(Work order):
The line containing "A DANISH BRASS" marks the end; return exactly every line from the start of the records up to and including it, but no pictures.

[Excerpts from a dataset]

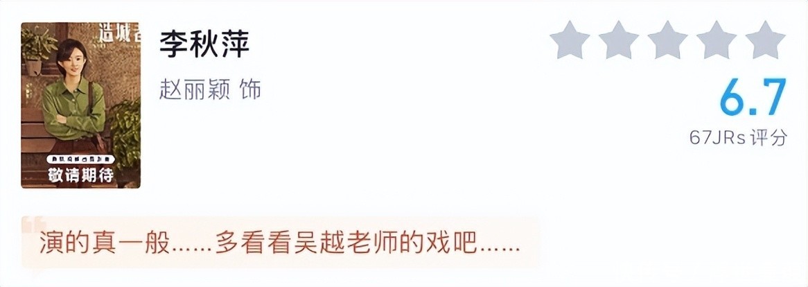 这并非否定赵丽颖的表演实力,而是印证了优秀演员亦需匹配契合度更高的角色土壤。6.7分,是观众对其突破边界的真诚鼓励,更是对下一次蜕变的深切期许。
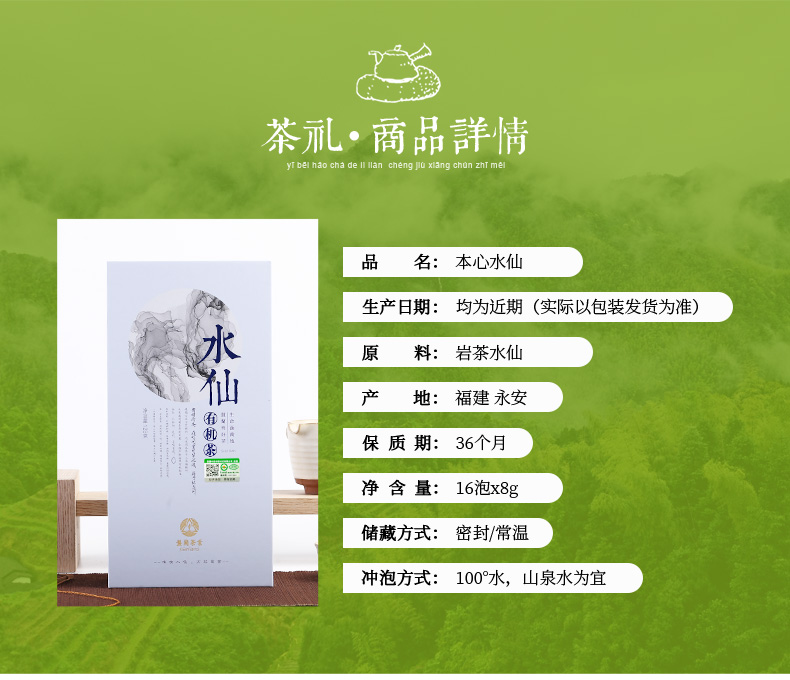 有机高山乌龙 本心水仙 128g/盒/16泡支持自提
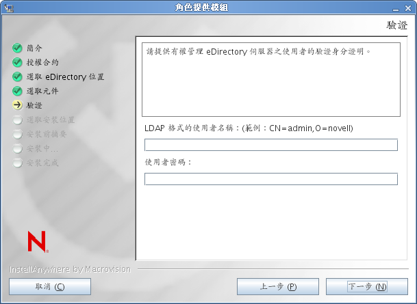 提供 LDAP 格式的使用者名稱,並輸入密碼:
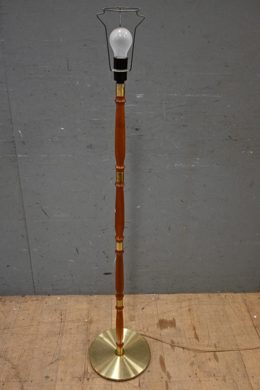A DANISH BRASS AND TIMBER STANDARD LAMP (A/F) (H129 CM) (LEONARD JOEL DELIVERY SIZE: LARGE)
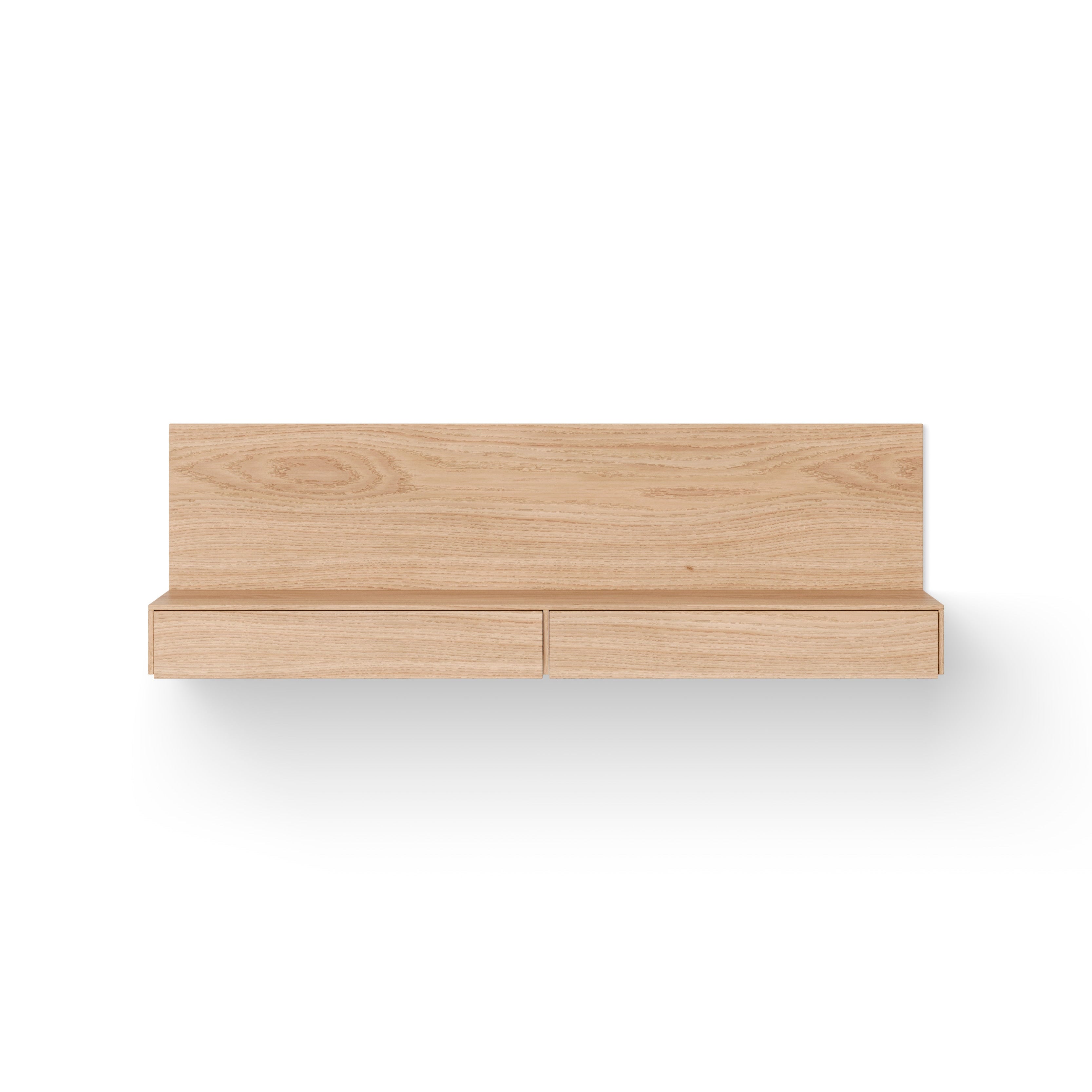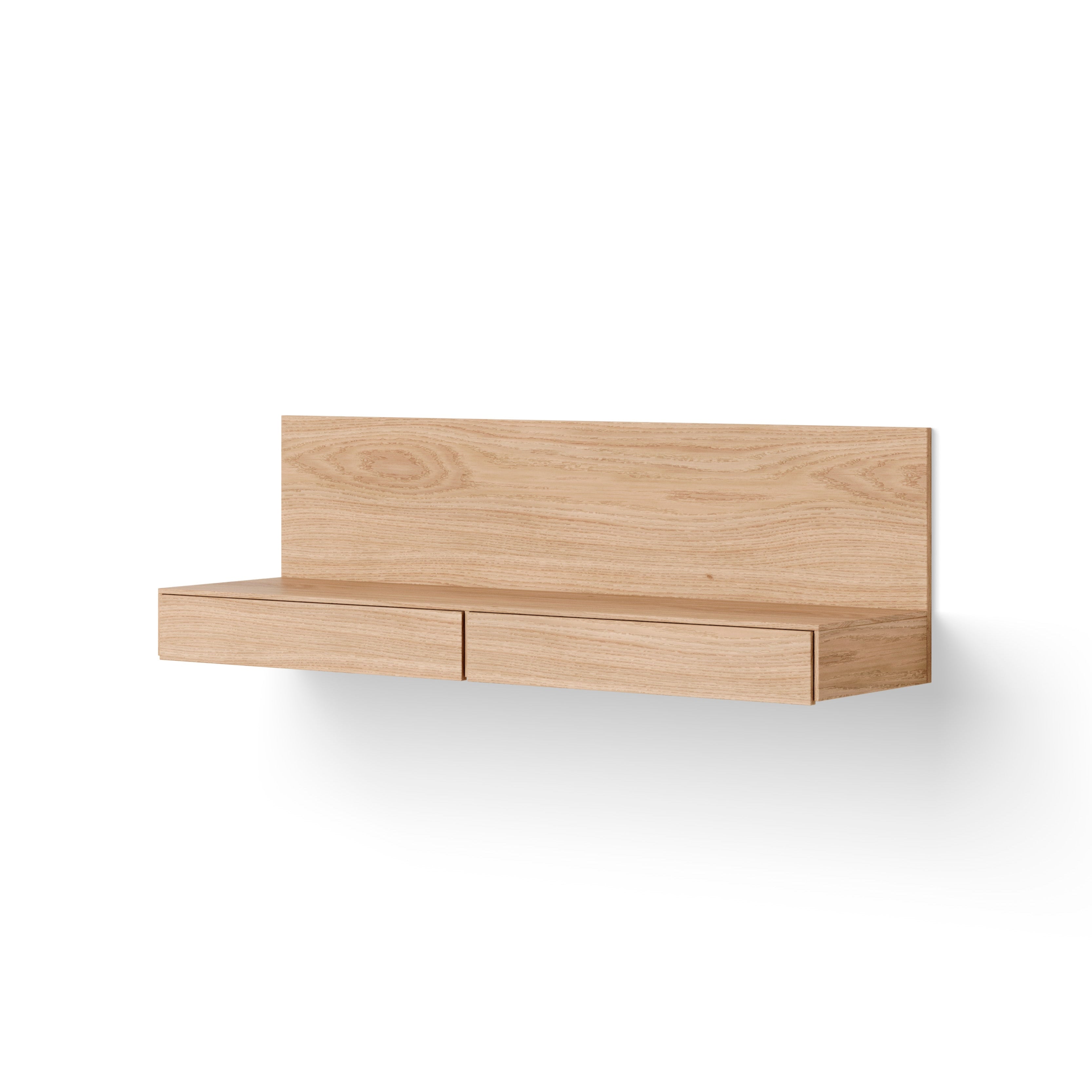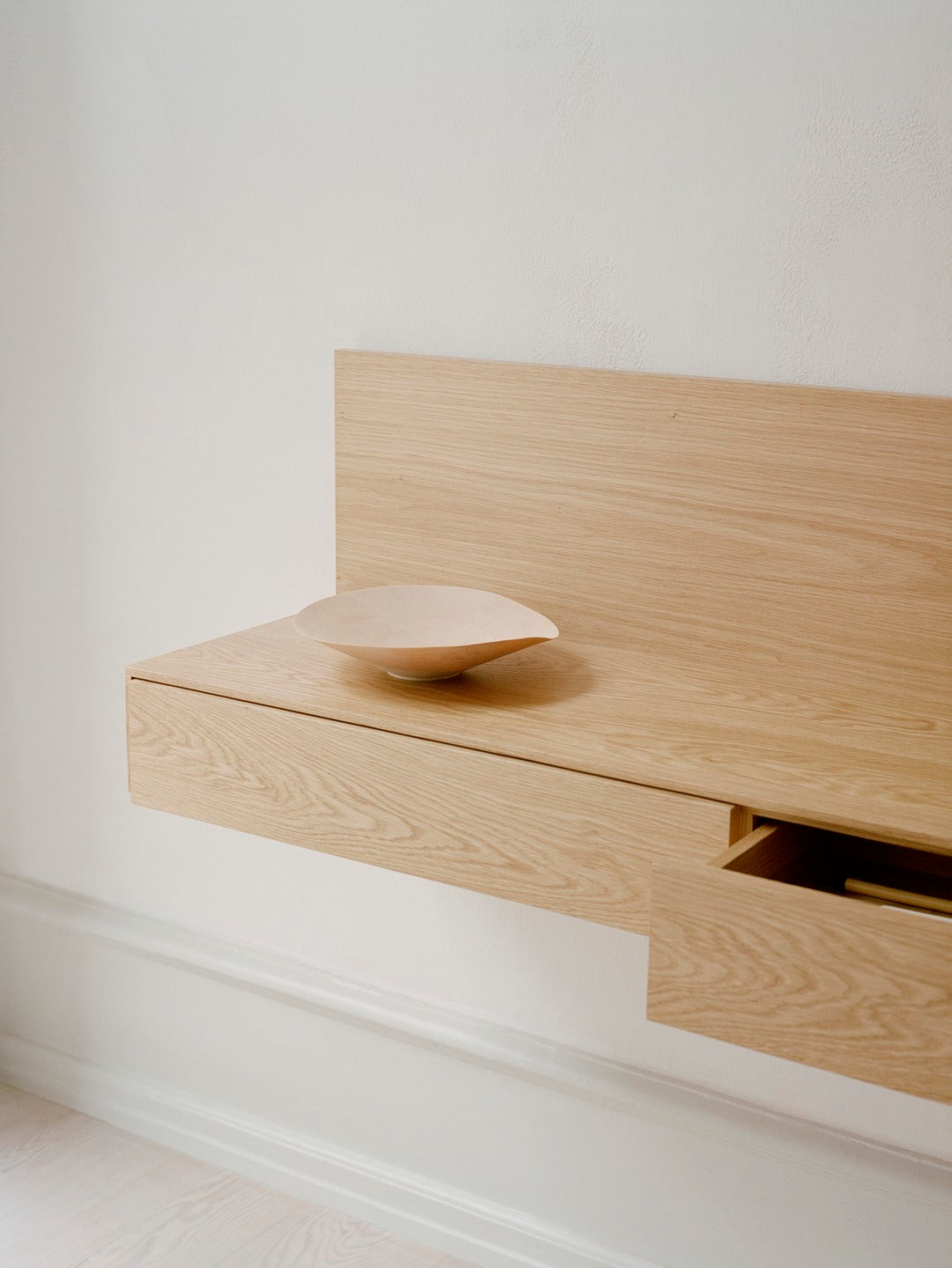 Tana is a series of wall-mounted furniture pieces designed by architect Rikke Rützou Arnved. What they all have in common is a simple expression that is neither disturbed by handles nor suspensions, but where straight lines and clean surfaces are allowed to stand in their undisturbed form. Tana consists in its cornerstone of surfaces in wood that find each other in an effortless encounter. The horizontal surface creates a ledge for objects, while its vertical surface frames and forms a calm, coherent background for what you place on the furniture.

(Output):
 这并非否定赵丽颖的表演实力,而是印证了优秀演员亦需匹配契合度更高的角色土壤。6.7分,是观众对其突破边界的真诚鼓励,更是对下一次蜕变的深切期许。
 有机高山乌龙 本心水仙 128g/盒/16泡支持自提
 提供 LDAP 格式的使用者名稱,並輸入密碼:
A DANISH BRASS AND TIMBER STANDARD LAMP (A/F) (H129 CM) (LEONARD JOEL DELIVERY SIZE: LARGE)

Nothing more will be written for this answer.